Mudbound.

Based on the 2008 novel, Mudbound is as close to literary as a film can get. A selection of characters tie the film together with their individual voice-over narration, dividing the film into natural chapters. Director Dee Rees’s second feature film is a stunning, harrowing tale of life in Mississippi for two men, following their return from service in World War Two. Both men face challenges upon their return, suddenly surrounded by family and acres of deprived farm land. One man in running from the demons of war whilst another pines for the love he left behind. An immediate friendship ignites between the two men who can relate to one another’s experiences and struggles. Jamie is white, returning to his brother’s farm – now turning to the bottle to keep both his PTSD and his feelings for his sister-in-law at bay. Ronsel is black and, after several years serving as a respected sergeant, he returns to a life filled with prejudice and danger, longing to return to a continent who welcomed him with open arms. Now, he’s asked to use the back entrance to shops and battles with his father who encourages him to step away from fights – something that now feels unnatural to him. Both men return to the same place, same farm but very different lives – each a result of a broken, racially-divided, America. Rees expertly guides a handful of astounding actors, all framed by the breathtaking cinematography of Rachel Morrison. With predictions that it could be the first Academy Award nominee for Netflix, the film has had a limited cinema release as well as being available on the popular subscription platform. If you’re lucky enough to see it on the big screen, please ensure you do – I wasn’t as lucky. Despite the limits of the screen size, the film’s bold characterisations, raw misery and vulnerable performances maintain a sense of the cinematic.

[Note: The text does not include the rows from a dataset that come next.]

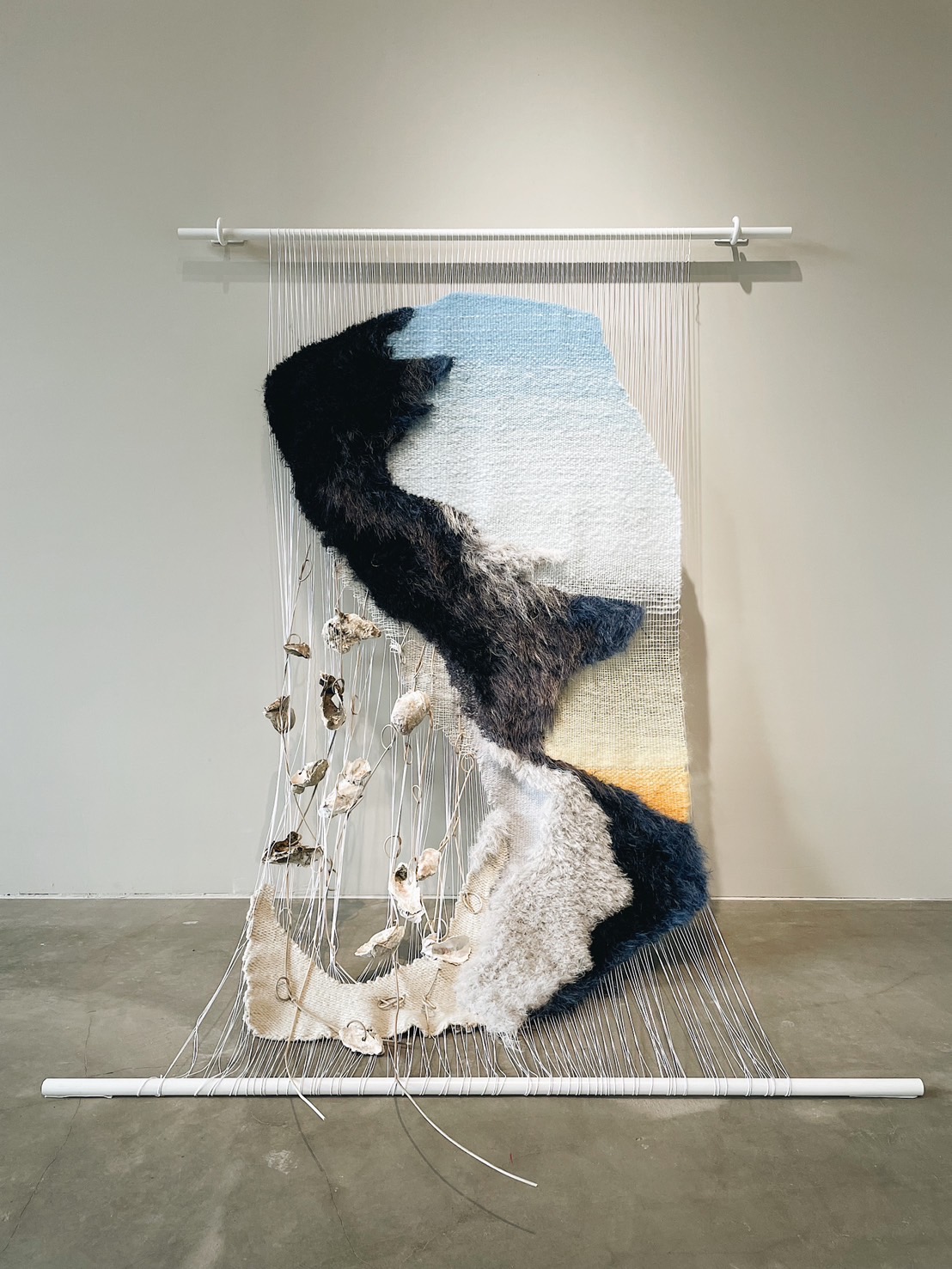 透過淨山與淨灘的活動,陳聖文在山中清風與海邊浪花間以「身體勞動」感知著自己作為一個意識個體的存在。他將撿拾到的廢棄物重新轉化,用刺繡或編織技法,探索人類如何將自然環境視為零成本的資源,無盡地消耗,最終導致環境浩劫。他也觀察到植物承受著人類排放的污染,無法以語言表達情緒與需求,因此他藉著創作,為這些被忽略的生命發聲,揭示肉眼難以看見的真相。
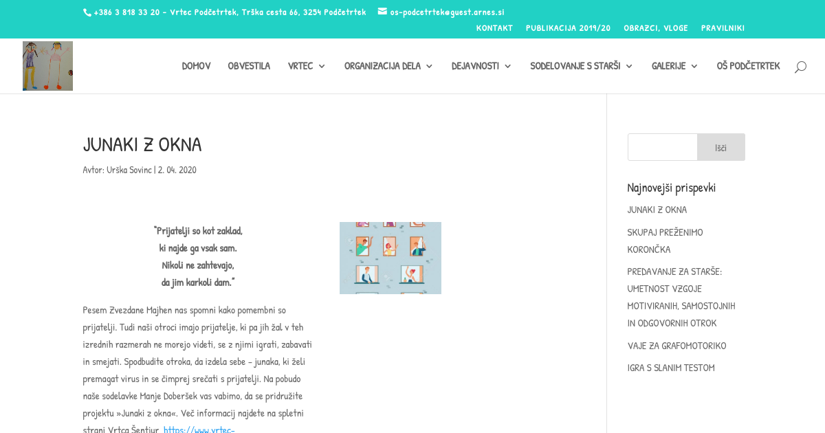 Pesem Zvezdane Majhen nas spomni kako pomembni so prijatelji. Tudi naši otroci imajo prijatelje, ki pa jih žal v teh izrednih razmerah ne morejo videti, se z njimi igrati, zabavati in smejati. Spodbudite otroka, da izdela sebe – junaka, ki želi premagat virus in se čimprej srečati s prijatelji. Na pobudo naše sodelavke Manje Doberšek vas vabimo, da se pridružite projektu »Junaki z okna«. Več informacij najdete na spletni strani Vrtca Šentjur https://www.vrtec-sentjur.si/2020/03/30/junaki-z-okna/.
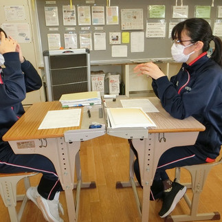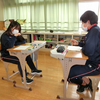 中3学級では、国語の「合意形成」の学習。他者と意見を述べあいながら、よいところを取り入れてまとめるという学習です。課題は「高校でたくさん友だちを作るために」というもの。本気で話し合える、いい課題ですね。
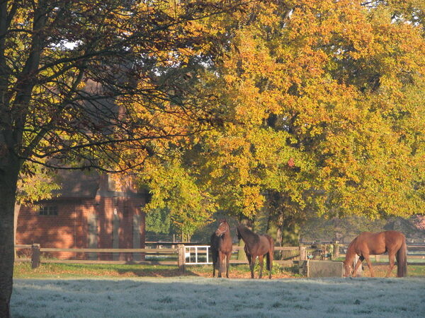 Auf dem Foto sind die Graditzer Pferde auf der Herbstweide zu sehen, die für die Entwicklung wachsender Pferde, aber auch für die tragenden Stuten von großer Bedeutung ist. Die hohen Niederschläge in diesem Herbst schränkten diese Weideform etwas ein.

Women are the heart of Mudbound, almost always suffering from the horrors and errors of men. Mary J. Blige is best known for her career in music but is certainly no stranger to acting. She turns in a performance filled with love and conviction as a compassionate wife. Carey Mulligan’s role is that of a frustrated wife but both women are devoted mothers. Once again race vastly impacts on their experiences and their children’s. Mulligan brings the same impactful quietness that she demonstrated in Never Let Me Go, her character’s sorrow always shown in her eyes. Jason Mitchell, who sprung to stardom in Straight Outta Compton, demonstrates the same raw emotion and fire he brought to the role of gangster rapper Eazy-E but also shows us just how refined an actor he is in Mudbound. Meanwhile Jonathan Banks replaces his usual ‘gruff and gentle’ for the most volatile and monstrous of bullies – consumed by bitterness, racism and venom. Mudbound is a film about a very specific time in American history which I’d personally never previously considered. The importance of race to the characters and their outcomes is pivotal – making Mudbound a historic but painfully relevant film which resonates far too much with the current, deeply concerning landscape of America.

Thanks for reading and let’s all keep supporting our beloved film industry.